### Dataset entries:
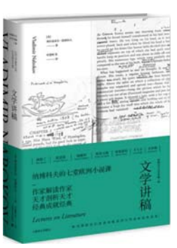
上海译文出版社 美弗拉基米尔·纳博科夫 著 《文学讲稿》

纳博科夫早年用俄文从事文学创作，移居美国后开始转用英文写作。《洛丽塔》的问世，为他带来广泛声誉。他是一位多才多产的作家，一生创作了长篇小说十七部，诗歌四百余首，短篇小说五十多篇。纳博科夫20世纪50年代在康奈尔大学等高等学府讲授欧洲文学，其后以这些讲稿为基础整理编辑成《文学讲稿》出版。在这本书里，纳博科夫讨论了《曼斯菲尔德庄园》《包法利夫人》《变形记》《尤利西斯》等七部名作，相当于带领学生做了七次艺术侦查和解剖。他认为，分析作品的前提是阅读文本，从想象文本的世界出发，而不是站在外围指手画脚。
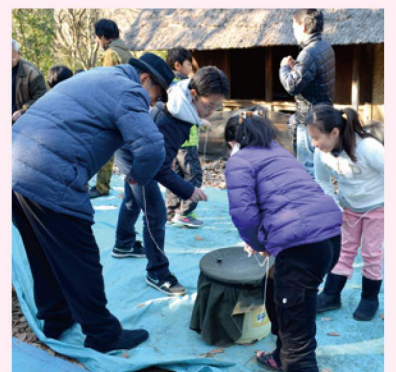
ベーゴマ大会「第10回民家園杯」

子どもから大人まで、当日自由に参加できる大会。貸ベーゴマ・紐もあるので、お気軽にご参加いただけます。
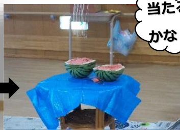
結局割れず スタッフの手で
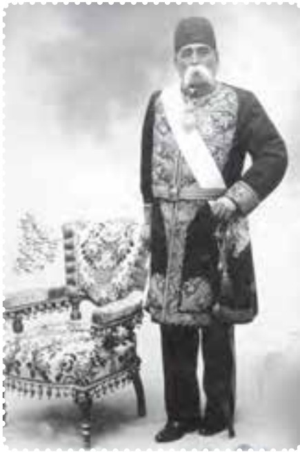
عبدالمجید میرزای عین الدوله

کشمکش بین طرفداران استبداد و عدالت خواهان، شدت گرفت. دولت به وحشت افتاد و با پا در میانی حاج میرزا ابوالقاسم امام جمعه، به طور موقت، قضیه فیصله یافت. حاج میرزا ابوالقاسم، داماد ناصرالدین شاه بود. او از جانب شاه به امامت جمعه تهران منصوب شده بود و از وی و دربار، پشتیبانی می کرد.
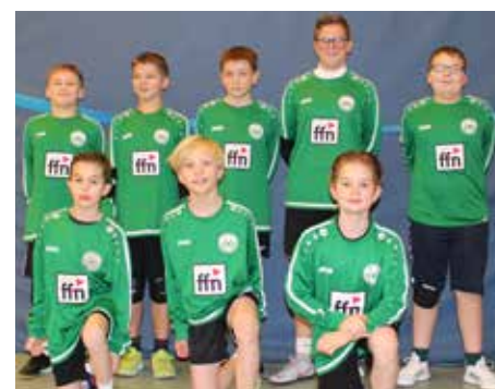
MTV Oldendorf - 2. Platz.
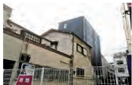
▶ 中区初音町土地 価格:3,490万円/土地面積:67.96㎡
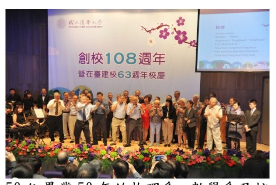
50位畢業50年的物理系、數學系及核工系校友熱情地登台帶動現場師生齊呼校呼
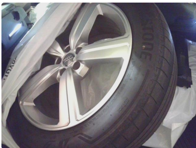
2.1 Diverse steinsprut og riper rundt på bilen.
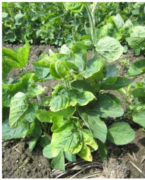
図1 2014年にいなべ市で発生した大豆の矮化症状
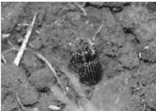
그림 5. 애기뿔소뚝구리 / C. tripartitus Waterhouse, 1875

천연기념물과 환경부 멸종위기종 I 급인 곤충은 산골뚝나비 [ E. autonoe (Esper, 1781)] 1종으로 해발 1800m 이상에서 관찰되었다(표1, 그림 4. 참조).
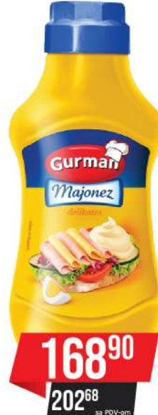
GURMAN MAJONEZ DELIKATES 450ML
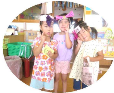
私たちはおしゃれの秋♡
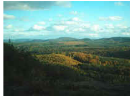
Vom Langmühlblick in den Wasgau
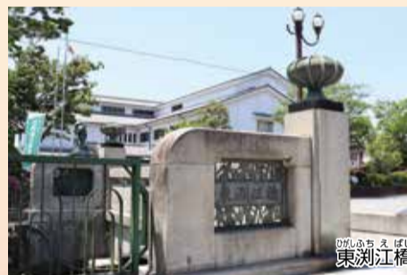
▲昭和7(1932)年まであった東洲江村に由来。平たいタマネギのようなオブジェは「擬宝珠(宝珠を模した装飾)」

ドローンで空撮した区・PR動画「空カラアダチ」にも登場! ※条件を満たせば、素材を自由に利用可能 空カラアダチ 検索
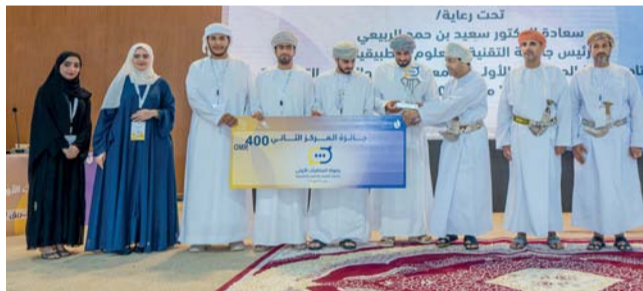
■ وفرع جامعة صحار يحصد المركز الثاني
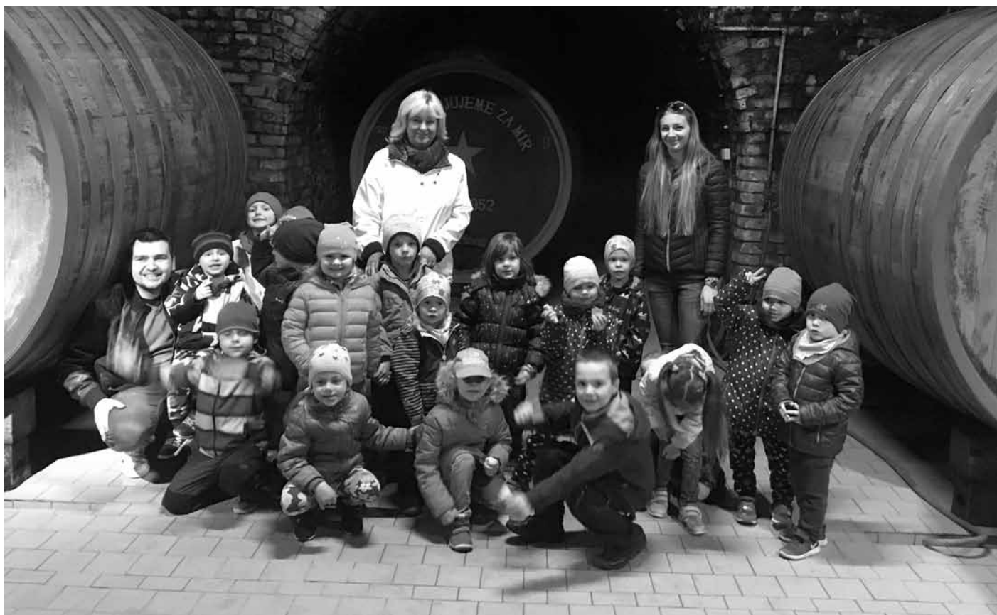
Čím budu až vyrostu? Třeba vinařem! To se u nás ve Velkých Pavlovicích přímo nabízí!

### Brief:
A complete answer lists each line of the data that holds the word "文学讲稿".

### Written response:
上海译文出版社 美弗拉基米尔·纳博科夫 著 《文学讲稿》
纳博科夫早年用俄文从事文学创作，移居美国后开始转用英文写作。《洛丽塔》的问世，为他带来广泛声誉。他是一位多才多产的作家，一生创作了长篇小说十七部，诗歌四百余首，短篇小说五十多篇。纳博科夫20世纪50年代在康奈尔大学等高等学府讲授欧洲文学，其后以这些讲稿为基础整理编辑成《文学讲稿》出版。在这本书里，纳博科夫讨论了《曼斯菲尔德庄园》《包法利夫人》《变形记》《尤利西斯》等七部名作，相当于带领学生做了七次艺术侦查和解剖。他认为，分析作品的前提是阅读文本，从想象文本的世界出发，而不是站在外围指手画脚。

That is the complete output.